# how much water do bees drink?



## Clay (Feb 18, 2011)

My bees get their water from my neighbor's koi pond. He doesn't mind it much, claims they're fun to watch, and I give him honey whenever I get a harvest. But it got me wondering... how many hives would take before they make a noticeable dent in a pool of water? I'm guessing the pond is 6'x12' and a few feet deep. I've never given water to bees before, so I don't know how much they actually drink.


----------



## RayMarler (Jun 18, 2008)

I have been told the bees will drink their weight in water each day. I've not read any official test reports.


----------



## lazy shooter (Jun 3, 2011)

If bee drink their weight in water each day and if a three pound package is 10,000 bees then: A big hive of 80,000 bees would drink 24 pounds of water per day, at 8.33 pounds/gallon or approximately three gallons per day per hive. Each vertical foot of depth in a six by 12 foot pool is equal to 538 gallons. Or 45 gallons per inch. Therefore, using the above assumptions, one hive would lower the pool water level about .07 inches per day. It's insignificant.


----------



## libhart (Apr 22, 2010)

It was great fun to read your response lazy shooter....I love math.


----------



## lazy shooter (Jun 3, 2011)

libhart said:


> It was great fun to read your response lazy shooter....I love math.

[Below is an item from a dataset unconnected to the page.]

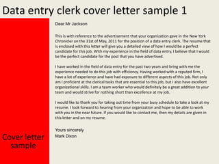This document provides materials to help write a cover letter for a data entry clerk position, including two sample cover letters. The samples letters highlight the applicant's data entry experience and skills like typing speed and familiarity with Microsoft Office. Both letters express interest in the position and availability to follow up by phone. Additional tips and resources are listed on writing cover letters, resumes, and preparing for interviews.
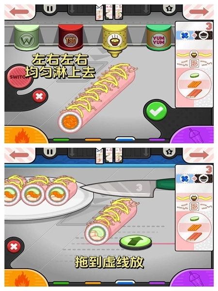 7、接下来玩家可以依据教程提示,开始制作寿司;

I too love math. I've spent my working career keeping up with fluid volumes in mud tanks on drilling rigs. When drilling if the well is coming to you, as in a potential blowout, the mud volume is increasing. If the mud volume is decreasing the formation is drinking fluid and that too is a bad deal. As a petroleum engineer supervising drilling operations, I have been calculating fluid volumes in odd shaped tanks and pipe sizes for decades.


----------



## rwurster (Oct 30, 2010)

8 of my hives were drinking about 2 gallons a day before March 15th. Since the irrigation ditch is full and the 200 acres of alfalfa around my apiary is being irrigated they drink a little less than a gallon a day now.


----------



## Scrapfe (Jul 25, 2008)

Clay said:


> My bees get their water from my neighbor's koi pond...


Same here.
You shouldn’t feel bad about your bees drinking from your neighbor’s koi pond. Besides drinking your neighbor’s fish pond water, some of your bees are literally feeding your neighbor’s fish. Isn't that called a win win? 

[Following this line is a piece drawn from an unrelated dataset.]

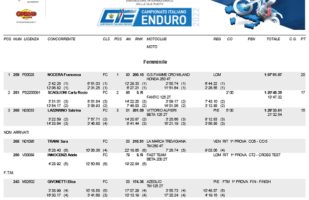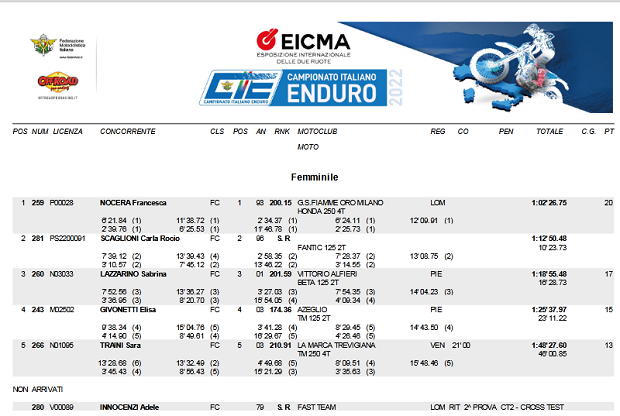 El Campeonato Italiano de Enduro inició en Arma Di Taggia este fin de semana, donde el italiano Andrea Verona (Gas Gas) y el neozelandés Hamish MacDonald (Sherco) repartieron victorias, en el día 1 y 2 respectivamente, siendo escoltas uno del otro en cada día. La riojana Carla Scaglioni (Fantic JET Zanardo) tuvo un muy buen debut, ocupando la segunda posición en Damas de la Copa Italia en ambas jornadas, detrás de la experimentada Francesca Nocera (Honda) que viene del motocross. Ilustres apellidos como el de Rupretch, Watson, Salvini, Espinasse, Oldrati y Milner entre otros, dieron vida a la apertura del Assoluti, cerca de la frontera con Francia.

IMHO, a little free honey is well worth having a dependable water source near you, especially a source as natural, as safe, and as dependable as a koi pond, and you don’t even have to maintain it. :applause:


----------



## Clay (Feb 18, 2011)

lazy shooter said:


> using the above assumptions, one hive would lower the pool water level about .07 inches per day.


Wow! that wasn't lazy math. haha, thanks for the calculations :thumbsup:

Scrapfe - I agree, I think it's a good trade.


----------



## DLMKA (Feb 7, 2012)

Either way, it's probably less than the evaporation rate on a sunny day.


----------



## Baldursson (Nov 22, 2011)

hmmmmmmm does 100% of the bees in a hive go out to drink? Do nurse and house bees leave for a sip of water? If not then you would be affecting it even less.


----------